[Collected material]
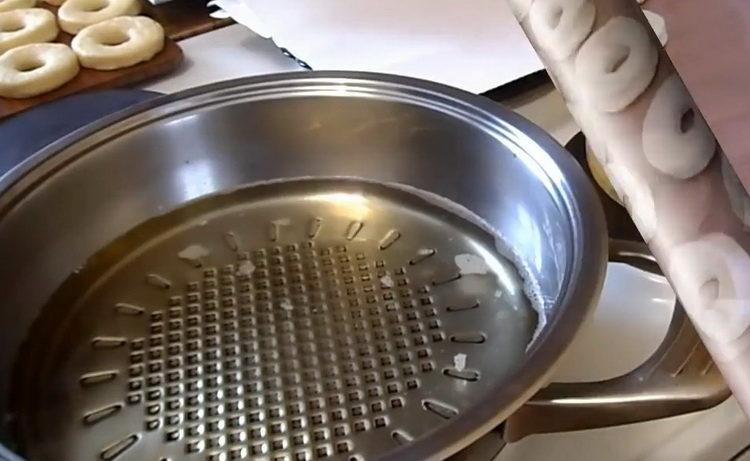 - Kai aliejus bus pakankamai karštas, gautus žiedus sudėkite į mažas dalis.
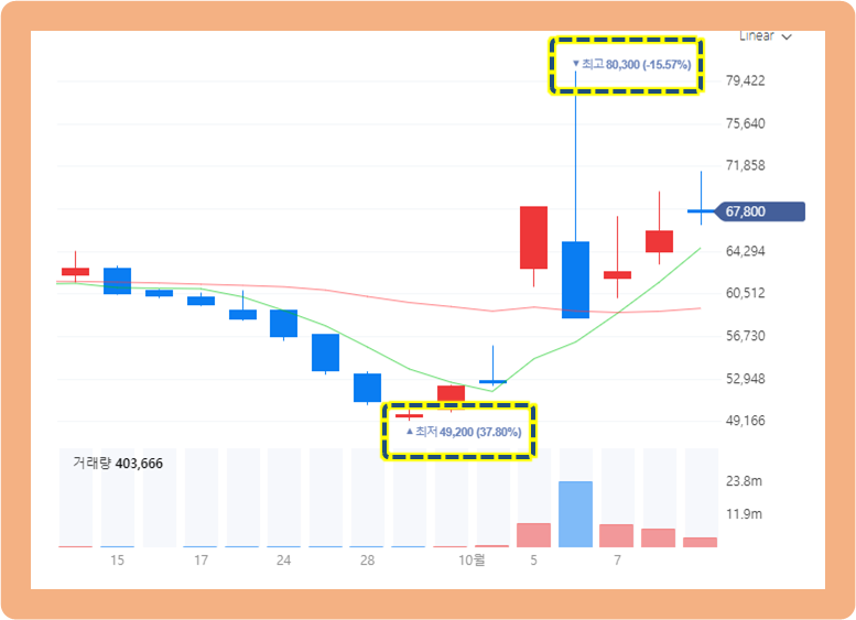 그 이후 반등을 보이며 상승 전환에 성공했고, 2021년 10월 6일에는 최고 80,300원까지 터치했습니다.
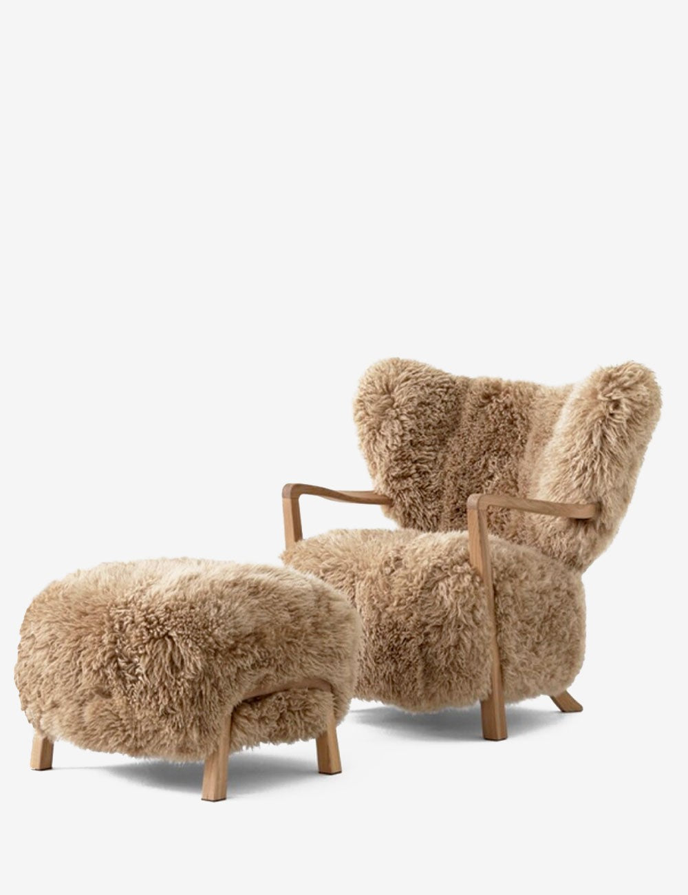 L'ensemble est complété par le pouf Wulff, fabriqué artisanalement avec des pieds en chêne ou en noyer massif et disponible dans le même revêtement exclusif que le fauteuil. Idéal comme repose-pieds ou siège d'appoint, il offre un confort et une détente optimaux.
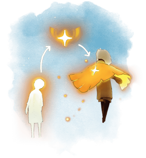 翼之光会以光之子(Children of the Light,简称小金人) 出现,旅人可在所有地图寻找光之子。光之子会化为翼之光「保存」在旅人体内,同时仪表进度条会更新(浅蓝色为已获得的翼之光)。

[Problem statement]
Go from the first line of the data above to the line containing "그 이후 반등을 보이며" and retype exactly those lines, both included, but none of the pictures.

[Answer]
 - Kai aliejus bus pakankamai karštas, gautus žiedus sudėkite į mažas dalis.
 그 이후 반등을 보이며 상승 전환에 성공했고, 2021년 10월 6일에는 최고 80,300원까지 터치했습니다.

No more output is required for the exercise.